Djaimilia Pereira de Almeida : Je me reconnais dans cette description du regard qui change de direction d’un livre à l’autre. Entre l’écriture des deux livres, j’ai vécu une expérience qui s’est révélée très importante (et s’est traduite par un autre livre, en 2017 : Ajudar a cair [1]). Pendant quelques mois, j’ai vécu dans une communauté de gens atteints de paralysie cérébrale. Leur contact et l’immersion dans leur réalité, aussi brève qu’elle ait été, a eu pour effet des jours entiers pendant lesquels je ne pensais ni à moi ni à mes problèmes ne serait-ce que pour un instant. Quand, après cette expérience, je me suis lancée dans Luanda, Lisboa, Paraíso, mon intérêt avait changé d’orientation. Je me suis intéressée à essayer d’imaginer d’autres vies et abandonner un point de vue personnel, dans lequel j’ai cessé de me reconnaître.

Suplemento Pernambuco : Luanda, Lisboa, Paraíso décrit une période historico-politique complexe. La chute du “troisième empire” portugais, confirmée par la Révolution des Œillets (1974), a été une cassure abrupte dans le fil de l’histoire – différente de ce qui s’est passé au Brésil. Penser le colonialisme portugais revient, comme le dit Isabela Figueiredo dans Caderno de memórias coloniais [2], à “surmonter les chocs d’une expérience en l’exhumant”. Comment voyez-vous à partir des œuvres littéraires le reflet de thèmes aussi fondamentaux et avec des dissonances politiques si actuelles dans des pays comme le Brésil et le Portugal, qui vivent encore, sous diverses formes, à l’ombre du colonialisme ?

Djaimilia Pereira de Almeida : Je pense qu’il est très important que la fiction reflète ce que nous vivons et je crois qu’elle peut nous faire penser le présent et le passé d’une façon particulière, par opposition au discours historique et informatif. Dans le cas de mes livres, je ne les envisage pas comme écrits à l’ombre du colonialisme, et je ne les considère pas non plus selon l’idée qu’ils en donnent un point de vue sûr. Mais, sans aucun doute, je me reconnais dans la notion que je tente, en les écrivant, de démêler un écheveau de questions, écheveau auquel par exemple le discours des historiographes est loin de pouvoir répondre de manière certaine. Je reconnais une attitude parallèle dans certains autres livres qui émanent des mêmes sujets au Portugal.

“Au Portugal, la nationalité des morts a été son unique visa de résidence”. La figure du retornado [3] survient dans le contexte postérieur à la décolonisation.
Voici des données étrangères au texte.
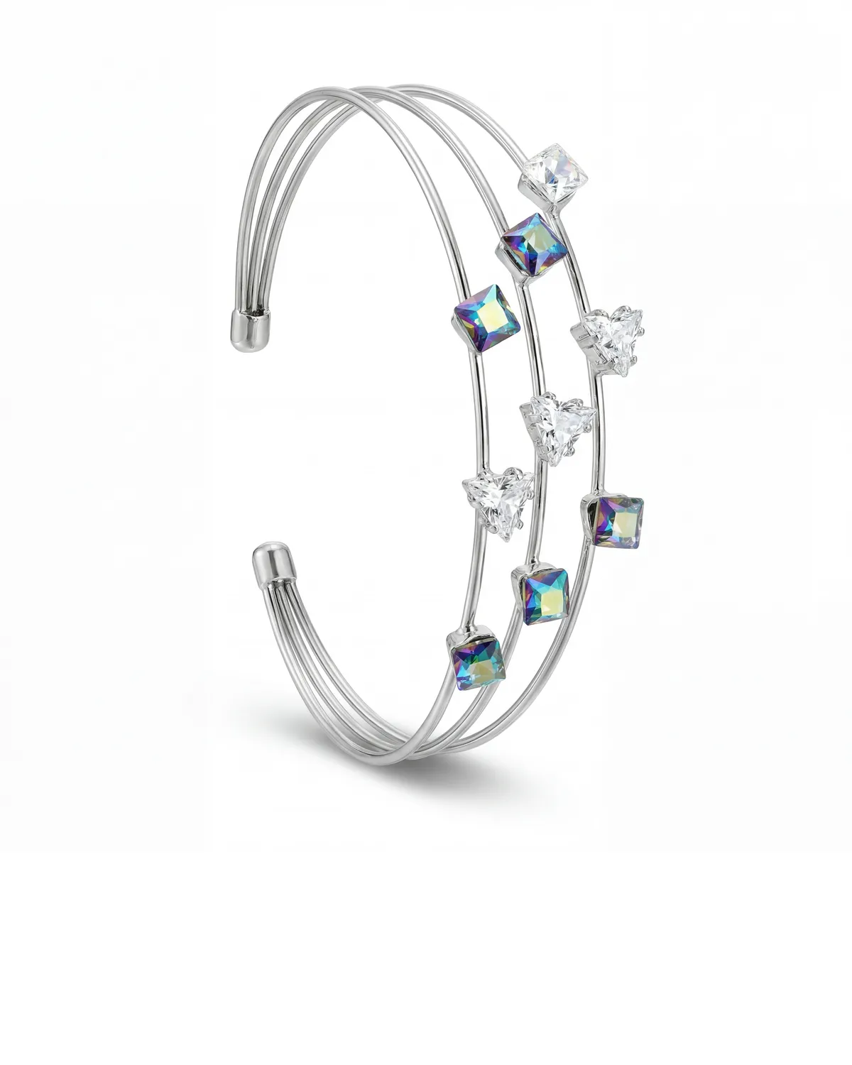 See on kütkestav ja modernne aksessuaar, mis toob Sinu randmele öise tähistaeva maagiat. Käevõru kolmerealine avatud disain on õhuline ja dünaamiline, kus hõbedaselt läikival raamil helgivad erineva kuju ning suurusega kristallid. Kirkad ja rohekassinised fassetitud kivid püüavad valgust mänguliselt, luues luksusliku, kuid samas kerge ning kaasaegse terviku. See on ehe, mis ühendab minimalistliku joone ja julge kristallisära, sobides ideaalselt naisele, kes armastab detaile, mis eristuvad tavapärasest.

Au-delà de la diaspora, de la non-appartenance, de la guerre, de la faim et de l’exclusion, Luanda, Lisboa, Paraíso traite aussi de l’affect. La non-identité léthargique que vivent les personnages Cartola et Aquiles, en allant au Portugal, est un point crucial du roman. Dans la diaspora poétique de Luanda, Lisboa, Paraíso, l’affect est le fil qui les unit face à la désolation du retour. Comment envisagez-vous cette image du “portugais de gouttière” [4], qui s’est abattue de façon péjorative sur les derniers descendants de l’Empire portugais d’Afrique ?

Les personnages de Luanda, Lisboa, Paraíso se voient à la lisière entre désespoir et lueurs de joie. Je n’ai pas l’impression qu’ils conçoivent leur attitude comme léthargique, ni même qu’ils acceptent l’épithète de “de gouttière”. Cependant, il s’agit certainement de personnes dépossédées de leurs caractéristiques et arrachées à leurs rêves, ce qui ne signifie pas qu’elles aient renoncé à leur dignité. Leur façon de ne pas céder au cynisme et de croire au futur, leur manière de trouver encore un lieu pour l’amitié dans leurs vies, m’incite à considérer qu’ils sont vifs et non simplement démissionnaires.

Suplemento Pernambuco : La critique littéraire Fernanda Miranda (USP, Université de São Paulo) a cartographié les romans d’auteures noires dans la littérature brésilienne au cours des deux derniers siècles. De 1859 à 2006, seuls 11 romans ont été publiés par des femmes noires brésiliennes. À la suite de la publication de Um defeito de cor en 2006 [Un défaut de couleur, non traduit] de Ana Maria Gonçalves, et jusqu’en 2019, on a constaté 17 publications. Le processus consistant à “faire table rase” et augmenter les récits d’autrices noires prend une forte importance et tend à s’accroître. Partant de la littérature lusophone au Portugal et en Afrique, comment voyez-vous cette concomitance d’auteures noires présentes dans la littérature ?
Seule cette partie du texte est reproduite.